How is a Limited Liability Company (LLC) taxed?
Posted: Aug 26, 2018
Definition: A limited liability company is a business structure widely known in the US in which the member(s) is only liable to the company’s debts up to the value of available assets of the business. In a limited liability company, the owner(s)’s personal property does not get affected if the company goes bankrupt or if the owner(s) fails to pay the debts.
A limited liability company incorporates the combined characteristics of a corporation and a sole proprietorship or a partnership firm. The element of limited liability is similar to a corporation’s liability while not being separately taxed is a feature of sole proprietorship and partnership.
How is a limited liability company taxed?
The Internal Revenue Service (IRS) calls limited liability company a ‘pass-through’ entity, which means it is not a separate tax entity. All the members report the profit and loss details on their personal tax returns, the company does not separately pay any taxes. The number of members of the LLC decides whether the IRS considers it a sole proprietorship or a partnership.
Single member limited liability company
Single Member Limited Liability Company (SMLLC) is considered as a disregarded entity – an entity which is not recognized for tax purposes by the IRS, separate from its owner. The owner has to fill the IRS Schedule C form, report the profits and losses on personal income tax return and has to file it with 1040 tax return. If the owner of an LLC leaves the profits in the company’s bank account for any unforeseen event, even then he would have to pay income tax on that amount at the year-end. An LLC may, however, elect itself as a corporation. In that case, the owner would be required to file a separate tax return instead of continuing to self-employment income on Schedule C.
Multiple members limited liability company
The IRS treats Multiple Members Limited Liability Company (MMLLC) as a partnership firm for federal tax purposes. The tax is spread among the members as in the partnership. The company does not separately pay the tax but each owner pays it according to their profit sharing ratio. The profit and loss sharing is mentioned in the Limited Liability Company Operating Agreement. Though this agreement is not a legal obligation, it forms the base for financial of the LLC. As a partnership files return, MMLLC would also have to file the tax return on the form 1065 with the IRS. The MMLLC also gives a Schedule K-1 to each member, this form depicts the income and deductions of each member of the limited liability company.
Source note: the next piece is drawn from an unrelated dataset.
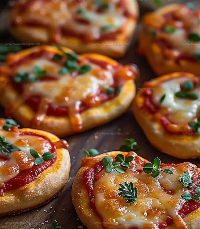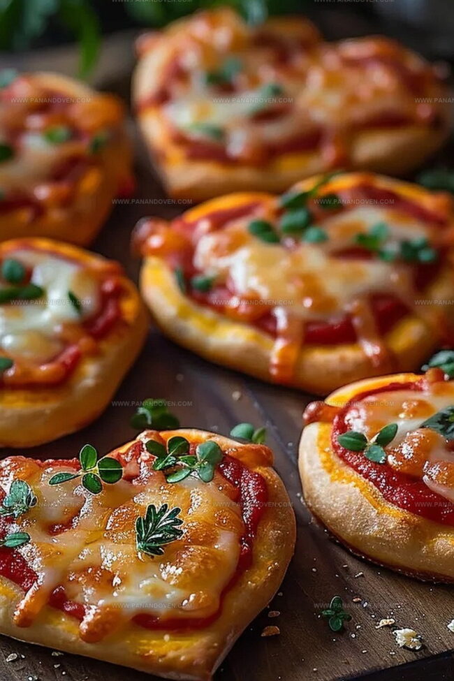- Bake the mini pizzas in the preheated oven for 8-10 minutes, monitoring until the cheese melts completely and the edges turn golden brown and crispy.
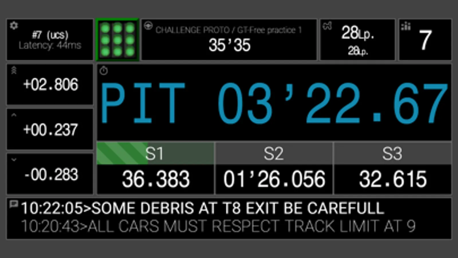 • Reminder: For now with the free version of ITS LIVE DISPLAY you can access all the data but you are limited to 6 min or 2 total laps per session

If the limited liability company is elected as a corporation, then it should file form 1120. If you want it to be taxed as an S-Corporation then it should complete form 2553, and if it wants to be taxed as a C-Corporation then is should complete form 8832. It should be noted that an MMLLC is not truly a partnership firm, the IRS considers it so just for the federal taxation purposes.
Just as the taxation requires a thorough knowledge of the structure of an LLC, the formation also needs few essential checkboxes to be ticked in order to minimize the legal complications.
The name of your LLC
The selection of a name is a basic but absolutely crucial part in the formation of an LLC. The owner(s) must consider few elements while choosing a name for an LLC;
- The name must not be a duplicate one or must not be the same as any other already existing company. The name of an LLC must be an available one.
- The term ‘LLC’ or ‘Limited Liability Company’ must be attached to the name to make it clear that your company is a limited liability company. This requirement is laid by most of the states as a general rule for naming your company. Therefore, a limited liability company must comply with it to carry out the operations smoothly.
- The name must not include any words that are prohibited by the state’s law. For instance, in some states, the words ‘Bank’, ‘Corporation’, and ‘Insurance’ are prohibited.
Articles of Organization
The owner(s) needs to draft the Articles of Organization for a limited liability company and file it. This is a document which includes all the key information related to an LLC, like;
- The name of the company
- The primary address of the company
- The purpose for the formation of the LLC
- The operational duration of the company
- Details of the management (if hired)
- The name and address of the LLC’s registered agent
An Operating Agreement may or may not be required by your state’s law but its creation lays down a set of rules to be followed by the member(s) and the management. An Operating Agreement assists in controlling and organizing a limited liability company in the long run, it enlists;
- Rights and responsibilities of the owner(s)/member(s)
- The percentage of interest each member is entitled to receive
- The allocation of profit and loss sharing ratio among the members
- The regulations relating to how the LLC would be managed
- The rules relating to the voting and voting power of the members
- The rules for continuity if any of the members wishes to leave the LLC, develops an unsound mental state or dies.